Termination of Advisory Committees
Advisory committees established after Jan. 5, 1973, to terminate not later than the expiration of the 2-year period beginning on the date of their establishment, unless, in the case of a committee established by the President or an officer of the Federal Government, such committee is renewed by appropriate action prior to the expiration of such 2-year period, or in the case of a committee established by the Congress, its duration is otherwise provided by law. See section 14 of
Pub. L. 92–463, Oct. 6, 1972,
86 Stat. 776, set out in the Appendix to Title 5, Government Organization and Employees.

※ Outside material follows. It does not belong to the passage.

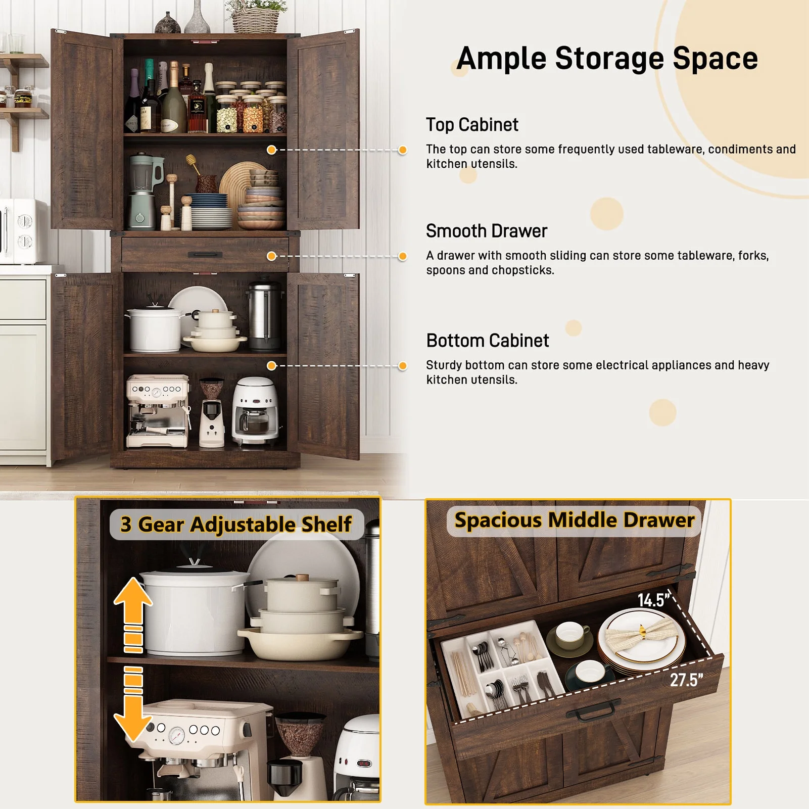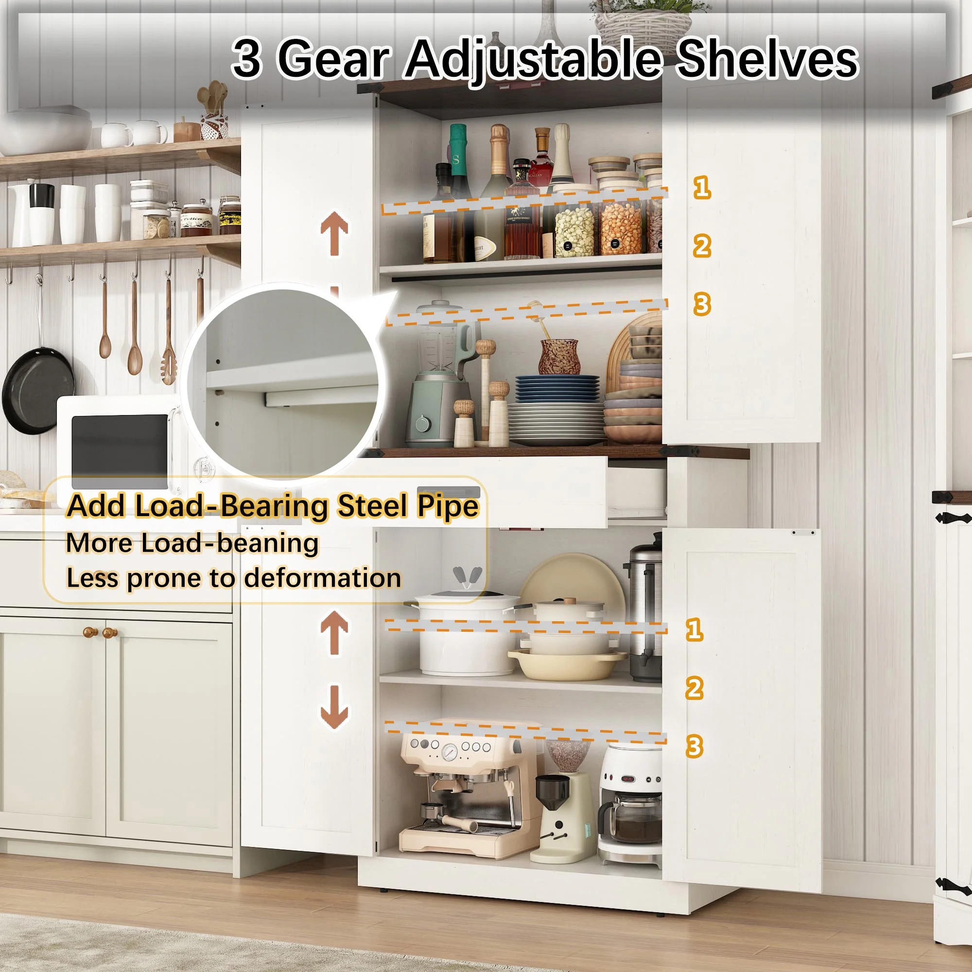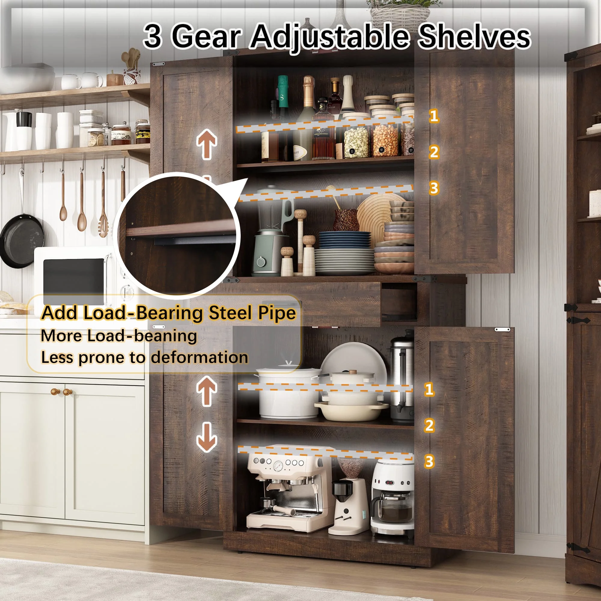 Roomy Storage Space: 72-inch tall pantry design with 4-level storage sapce and 1 drawer. Storage Shelves can 3 level height adjustable and great store diffenernt height of things like spice jars, snacks, drinks, food, plates, and various bottles and cans. Middle large storage drawer can store forks, utensils and dinnerware that is easy to take at hand. Sturdy bottom cabinet suit for store small appliances and some cookwares for a clean and tidy kitchen.

Pub. L. 93–641, § 6, Jan. 4, 1975,
88 Stat. 2275, set out as a note under section
217a of this title, provided that an advisory committee established pursuant to the Public Health Service Act shall terminate at such time as may be specifically prescribed by an Act of Congress enacted after Jan. 4, 1975.
Congressional Findings
Section 1(b) of
Pub. L. 101–527 provided that: “The Congress finds that—
“(1) racial and ethnic minorities are disproportionately represented among individuals from disadvantaged backgrounds;
“(2) the health status of individuals from disadvantaged backgrounds, including racial and ethnic minorities, in the United States is significantly lower than the health status of the general population of the United States;
“(3) minorities suffer disproportionately high rates of cancer, stroke, heart diseases, diabetes, substance abuse, acquired immune deficiency syndrome, and other diseases and disorders;
“(4) the incidence of infant mortality among minorities is almost double that for the general population;
“(5) Blacks, Hispanics, and Native Americans constitute approximately 12 percent, 7.9 percent, and 0.01 percent, respectively, of the population of the United States;
“(6) Blacks, Hispanics, and Native Americans in the United States constitute approximately 3 percent, 4 percent, and less than 0.01 percent, respectively, of physicians, 2.7 percent, 1.7 percent, and less than 0.01 percent, respectively, of dentists, and 4.5 percent, 1.6 percent, and less than 0.01 percent, respectively, of nurses;
“(7) the number of individuals who are from disadvantaged backgrounds in health professions should be increased for the purpose of improving the access of other such individuals to health services;
“(8) minority health professionals have historically tended to practice in low-income areas and to serve minorities;
“(9) minority health professionals have historically tended to engage in the general practice of medicine and specialties providing primary care;
“(10) reports published in leading medical journals indicate that access to health care among minorities can be substantially improved by increasing the number of minority health professionals;
“(11) increasing the number of minorities serving on the faculties of health professions schools can be an important factor in attracting minorities to pursue a career in the health professions;
“(12) diversity in the faculty and student body of health professions schools enhances the quality of education for all students attending the schools;
“(13) the Report of the Secretary’s Task Force on Black and Minority Health (prepared for the Secretary of Health and Human Services and issued in 1985) described the health status problems of minorities, and made recommendations concerning measures that should be implemented by the Secretary with respect to improving the health status of minorities through programs for providing health information and education; and
“(14) the Office of Minority Health, created in 1985 by the Secretary of Health and Human Services, should be authorized pursuant to statute and should receive increased funding to support efforts to improve the health of individuals from disadvantaged backgrounds, including minorities, including the implementation of the recommendations made by the Secretary’s Task Force on Black and Minority Health.”